Ericsson returns to profit in Q1 as organic sales growth strengthens to 7%

News Wireless Global 17 APR 2019
Ericsson returns to profit in Q1 as organic sales growth strengthens to 7%

Ericsson reported a further strengthening in sales growth in the first quarter, with revenues up 7 percent on an organic basis compared to 4 percent in the previous quarter, thanks to expansion in the North American market. The company returned to a net profit, of SEK 2.4 billion, versus a loss of SEK 0.7 billion in the year-earlier period. 

On a reported basis, revenues were up 13 percent year-on-year to SEK 48.9 billion, and the company's gross margin improved to 38.4 percent from 34.2 percent a year earlier. The operating result was a profit of SEK 4.9 billion, compared to a loss of SEK 0.3 billion a year ago, giving it a margin of 10.0 percent. 

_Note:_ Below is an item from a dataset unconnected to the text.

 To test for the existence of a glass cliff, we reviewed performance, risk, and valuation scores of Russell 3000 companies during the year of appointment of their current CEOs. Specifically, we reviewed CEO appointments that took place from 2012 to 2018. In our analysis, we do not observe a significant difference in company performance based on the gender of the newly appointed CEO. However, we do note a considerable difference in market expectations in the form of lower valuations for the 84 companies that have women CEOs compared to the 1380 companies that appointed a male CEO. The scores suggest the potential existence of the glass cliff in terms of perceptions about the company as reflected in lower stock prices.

Operating profit excluding restructuring charges of SEK 0.2 billion and positive one-time items of SEK 1.6 billion totaled SEK 3.5 billion, equal to a margin of 7.2 percent. The one-time gains included a profit of SEK 0.7 billion on the sale of Mediakind, completed 01 February, SEK 0.1 billion from the sale of Red Bee Media assets, and the reversal of a provision of SEK 0.7 billion following payment by a customer. 

Margin pressure

Ericsson noted that its gross margin will start to come under pressure from Q2 as 5G trials and certain strategic contracts get underway, and it expects further impact in the course of 2019 as 5G roll-outs begin in Asia and the share of managed services revenues in North America increase. However, the continued strong business in North America should help limit the impact of seasonality in 2019. 

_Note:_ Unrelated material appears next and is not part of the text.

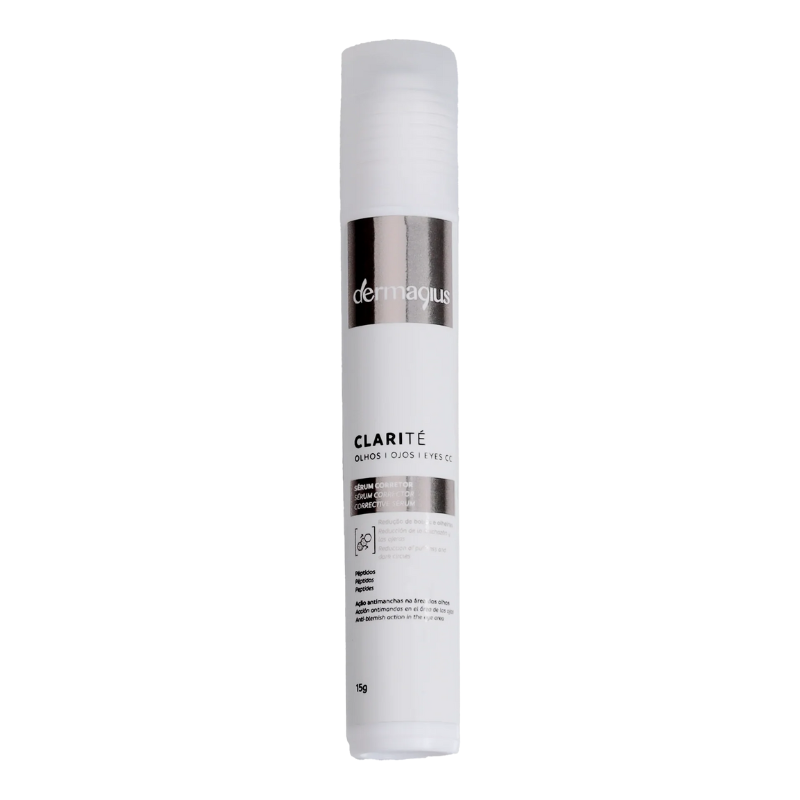 O Clarité Sérum Olhos da Dermagius é um corretor avançado para o contorno dos olhos, com cinco ativos poderosos que clareiam olheiras escuras (vasculares e melânicas) e reduzem bolsas e edemas. Oferece hidratação profunda, luminosidade e combate rugas e rídulas, proporcionando um olhar rejuvenescido e descansado.

The impact of strategic contracts and 5G field trials was limited in Q1. The company said it reached 18 named contracts for 5G in the period, more than any other vendor. Over the long term, this will strengthen its business, and the company said it remains on track to reach its targets for 2020 and 2022. Ericsson also improved its growth outlook for the RAN market this year, to 3 percent growth from an estimate in January of 2 percent.

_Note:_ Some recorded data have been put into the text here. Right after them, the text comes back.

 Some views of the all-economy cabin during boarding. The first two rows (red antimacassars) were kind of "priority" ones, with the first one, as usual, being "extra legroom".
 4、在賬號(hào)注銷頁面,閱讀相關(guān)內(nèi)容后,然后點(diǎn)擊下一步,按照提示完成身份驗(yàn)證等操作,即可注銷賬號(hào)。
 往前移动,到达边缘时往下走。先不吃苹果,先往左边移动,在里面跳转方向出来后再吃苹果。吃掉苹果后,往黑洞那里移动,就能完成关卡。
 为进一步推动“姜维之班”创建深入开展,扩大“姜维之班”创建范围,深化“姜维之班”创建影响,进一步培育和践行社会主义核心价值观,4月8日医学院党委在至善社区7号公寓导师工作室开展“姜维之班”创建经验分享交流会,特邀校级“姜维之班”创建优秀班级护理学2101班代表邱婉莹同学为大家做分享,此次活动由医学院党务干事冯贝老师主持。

The group further warned of an expected material financial effect from the ongoing US investigation of its compliance with the Foreign Corrupt Practices Act, first started in 2013. Settlement talks started recently, but are still at a very early stage. "However, based on the current status of the discussions it is our assessment that the resolution of these matters will result in material financial and other measures, the magnitude and impact of which cannot be reliably estimated or ascertained at this time," the company said.